We always put our Christmas tree up the Friday after thanksgiving. Always. No exceptions. Well, except when we go out of town. Then, we live with the unsettling feeling that the universe as we know it is coming to an end until the following weekend, when everything can be put to rights. As my kids would say--it's tradition! Tevye has nothing on my kids when it comes to holidays. But over 24 years of four-legged and 19 years of two-legged children, our Yuletide offering bush has had some interesting adventures. I should have expected this the first year I went off to college and our two-foot Kmart special sported both cheap glass balls and dreidels. Ours was a multicultural dorm room.
There was the Sunday my husband and I came home from church and noticed something not quite right as we peered through our living room window. Our apartment being a semi-basement unit two feet away from a busy sidewalk, anyone could peer through our windows. The tree had fallen and couldn't get up. Specifically, our five-month-old kitten had climbed the tree and found the small newlywed-affordable KMart stand insufficient for balancing feline acrobats. Down came the tree. Down came the cat. Down came favorite fragile ornaments. Thus, we discovered the trick of tying our Christmas tree to a ceiling hook with fishing line. Done it ever since.
Then came the year two of the kids had made adorable ornaments at school out of dog biscuits, pipe cleaners, copious glitter, and their kindergarten photos. While digging out said ornaments, no one suggested that putting them within reach of the dog might be a bad idea. The next morning, those little faces in the photos looked like they had been mauled by a rabid stapler. And the dangling, naked pipe cleaners--just not festive.
Or the several years we realized, short of penning the babies for the duration of December, we needed some other measure to protect our tree from having everything on the bottom foot yanked down and, possibly, eaten again, this time by small ones who should probably not eat such things. Whatev er they say, mothers are the real mothers of invention. We put the tree in the playpen instead of the kids. Baubles all safe, out of harm's way. (Our oldest, upon hearing that phrase when she was two, indignantly protested--"My name is not harm!")
How about all the years 80 percent of the ornaments hung on 20 percent of the tree? The bottom 20 percent--the only limbs within reach of a five-year-old. Not Martha Stuart quality? Probably not. But I discovered something about perfect decor that first year the girls helped decorate for Christmas. I could do it my way--and have a perfect tree. Or I could let them help, eat cookies with them, giggle and tickle, and take lots of pictures of our 20 percent tree. A perfect house or a perfect memory? Since I'll never achieve the former anyway, it's kind of a no brainer.

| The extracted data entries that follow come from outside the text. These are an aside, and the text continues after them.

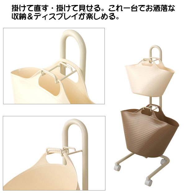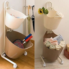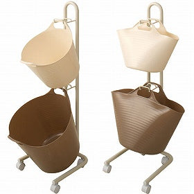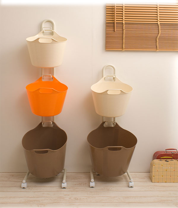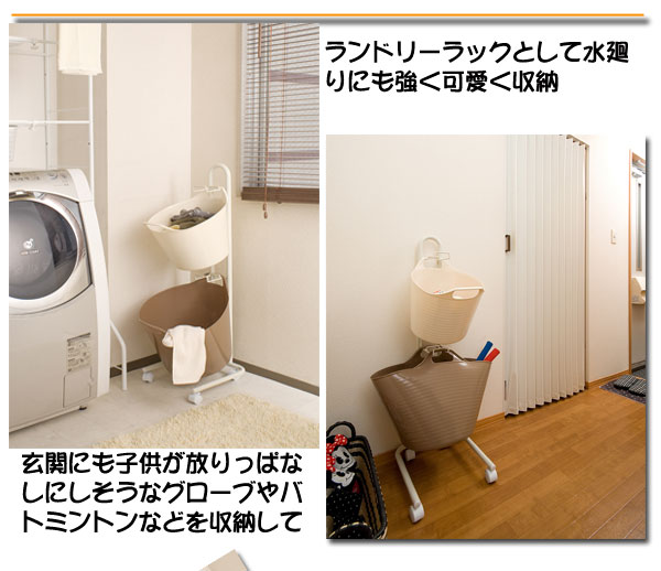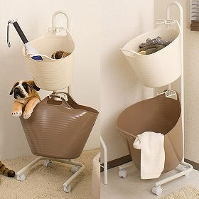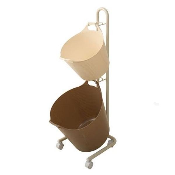 カラーリングが可愛いホワイトとライトチョコレートのゴムバケツがお洒落に納まるラックが
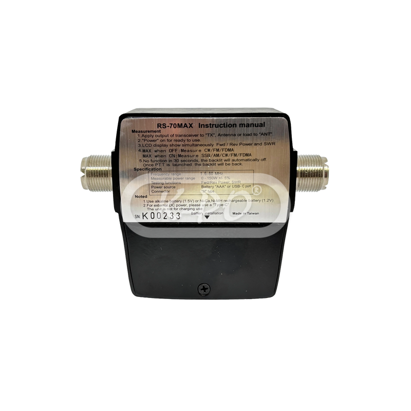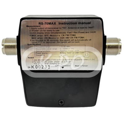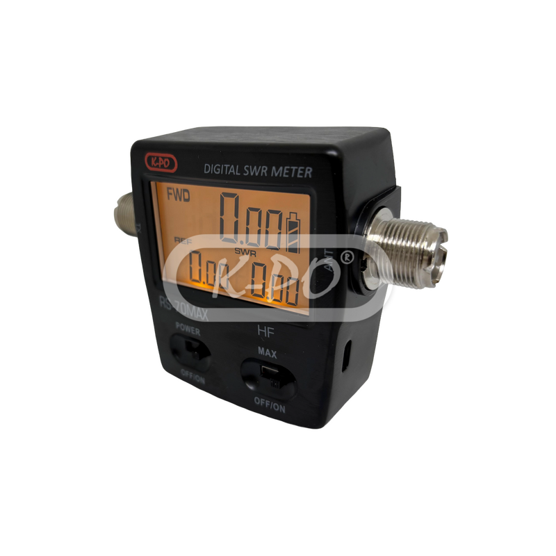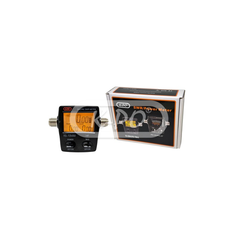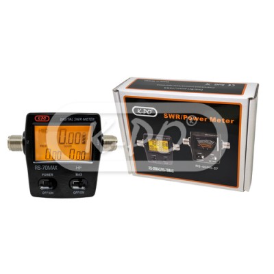 K-PO RS-70MAX este un aparat compact pentru măsurarea SWR și a puterii, cu un ecran digital LCD clar, pentru frecvențele 1,6–60 MHz. Pe ecran se pot citi simultan SWR, puterea înainte (Forward) și puterea reflectată (Reflected). Este compatibil cu modulațiile analogice și FDMA, iar măsurarea puterii se poate face până la 200 Wați.
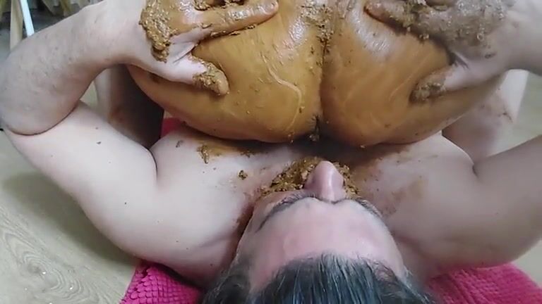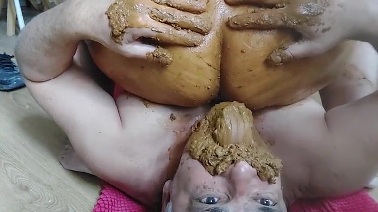 Rubbing shit on chubby ass
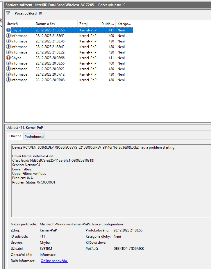 Provedl jsem vse co jsi psal, vse odstraneno, pak restart a ve spravci je vse, tak jak to bylo i s chybou
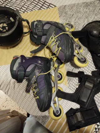 Set completo de patines en línea y equipo de protección, ideal para disfrutar de forma segura. - Incluye patines en línea. - Juego de protecciones para rodillas, codos y muñecas. - Bolsa de transporte incluida.
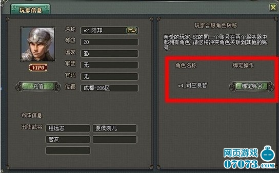2、点击头像后,界面右侧会出现另一个角色的帐号信息
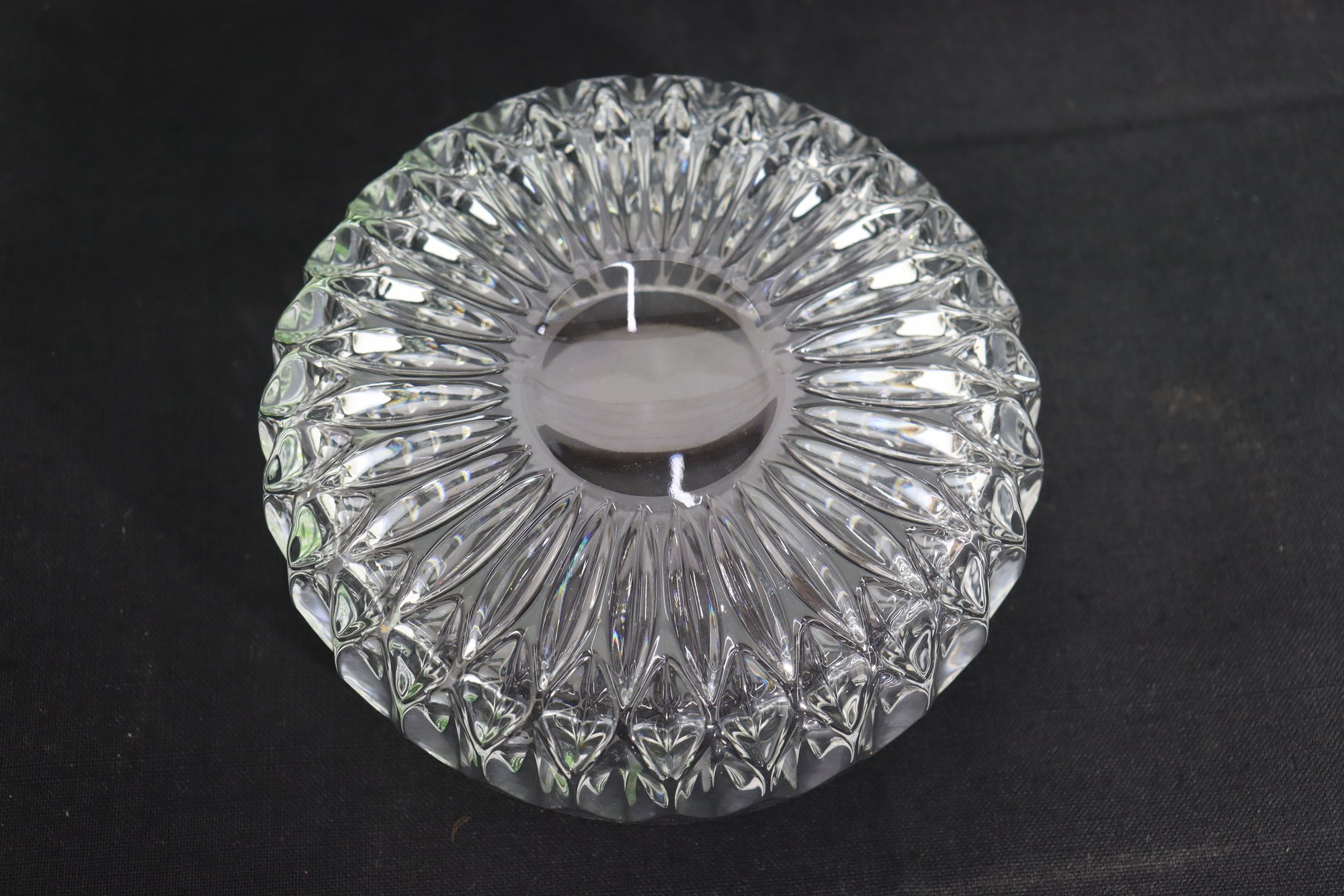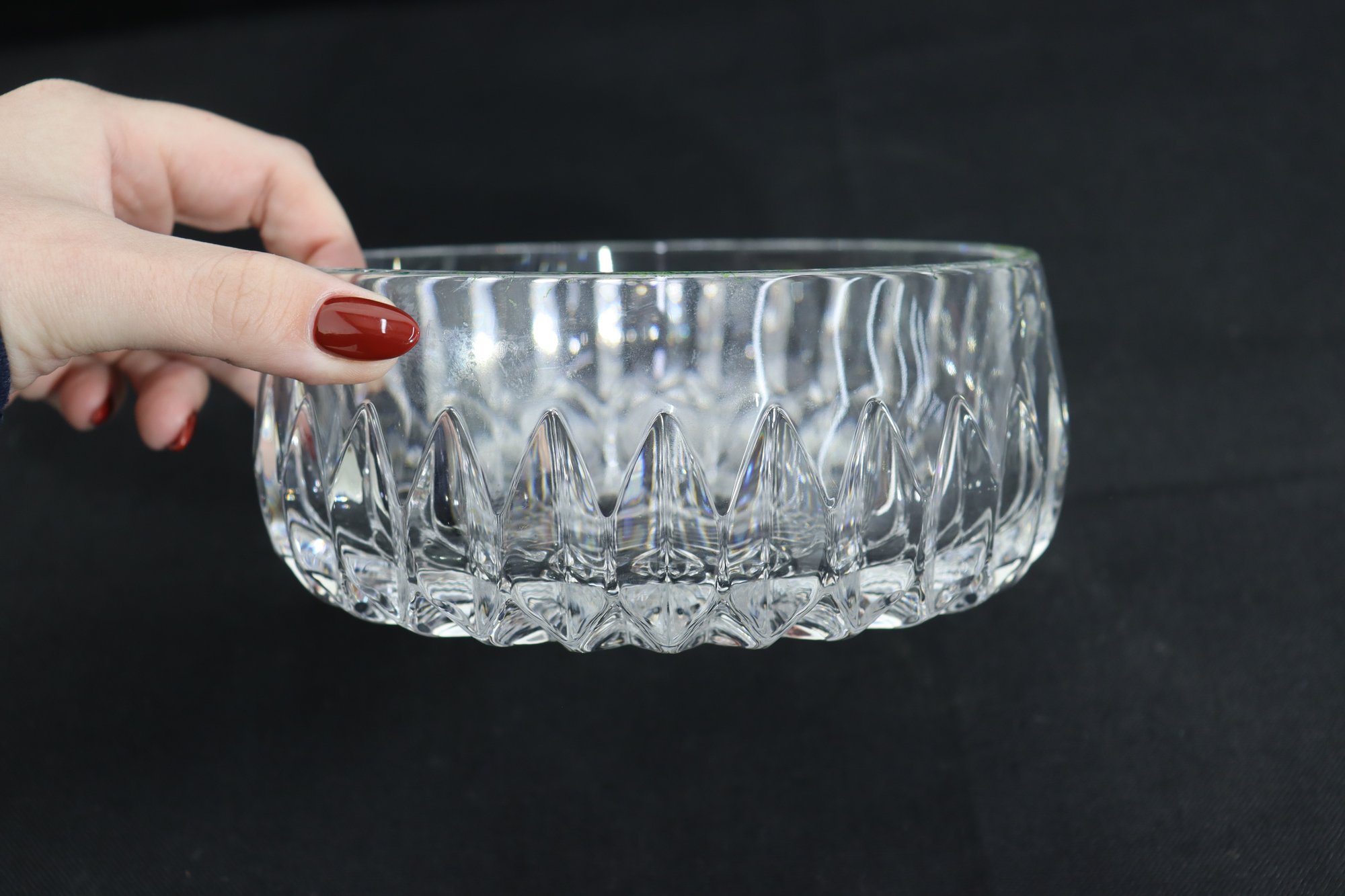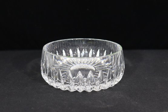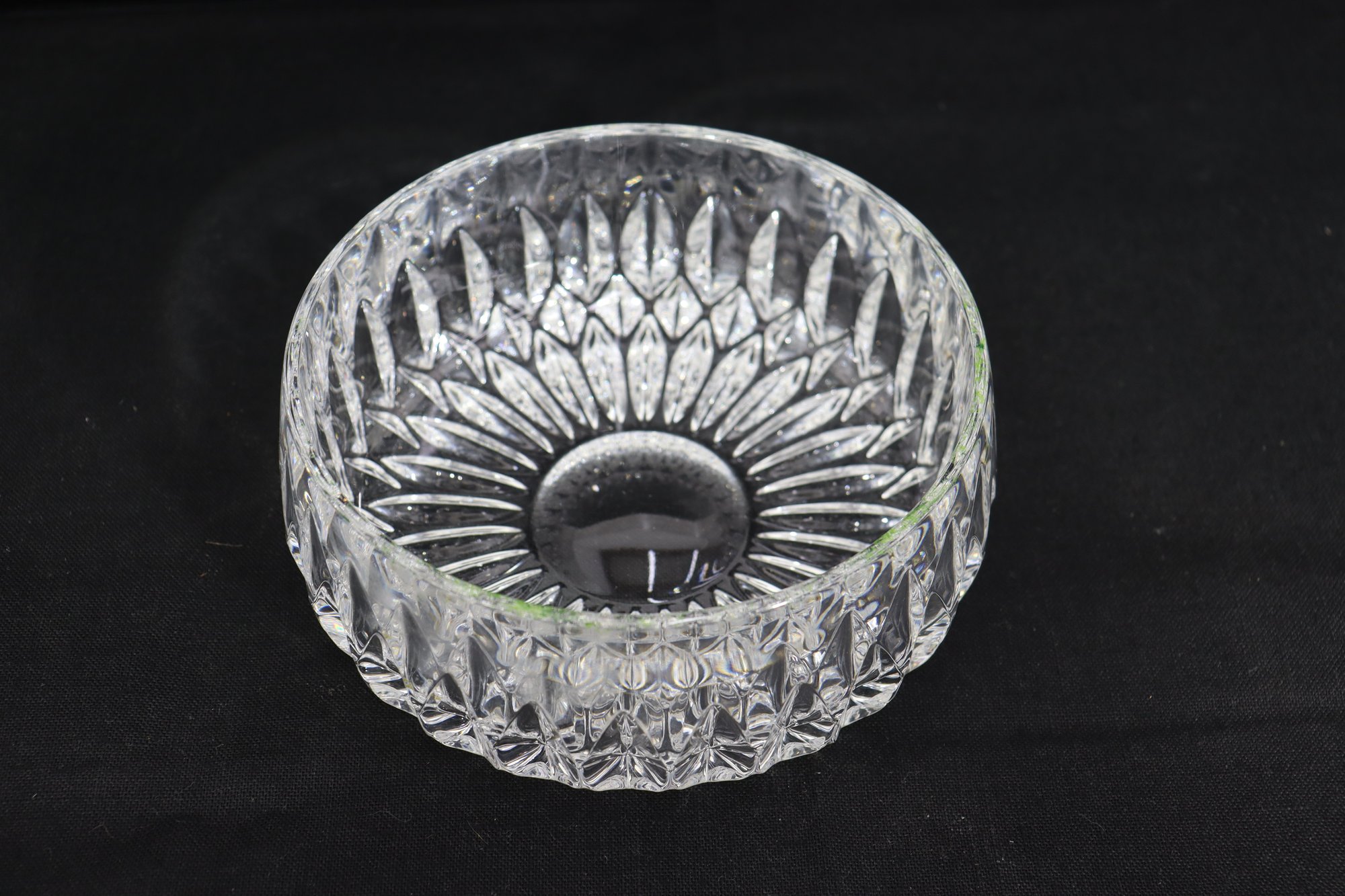 Add timeless sparkle to your décor with this elegant cut crystal bowl, measuring approximately 3 inches high and 6.5 inches in diameter. The bowl features a beautiful starburst base with vertical cut panels and a diamond-faceted pattern that catches and reflects light from every angle.

In ensuing years, they put out the other decorations, too. In some very interesting places. So I might not have put the nativity set in the bathroom. Perhaps, in hindsight, that's where one could spend the most time contemplating it. The important thing wasn't how they did it but that they did it, and felt connected to the Christmas traditions and meaning. Now, much older, sometimes they come up with better decorating ideas than I do, and they're willing to take risks and think outside the Christmas ornament box. I like to think it's a direct result of our 20-percent Christmas tree days.
And by the way, keep the fishing line out. There's a new kitten in the house.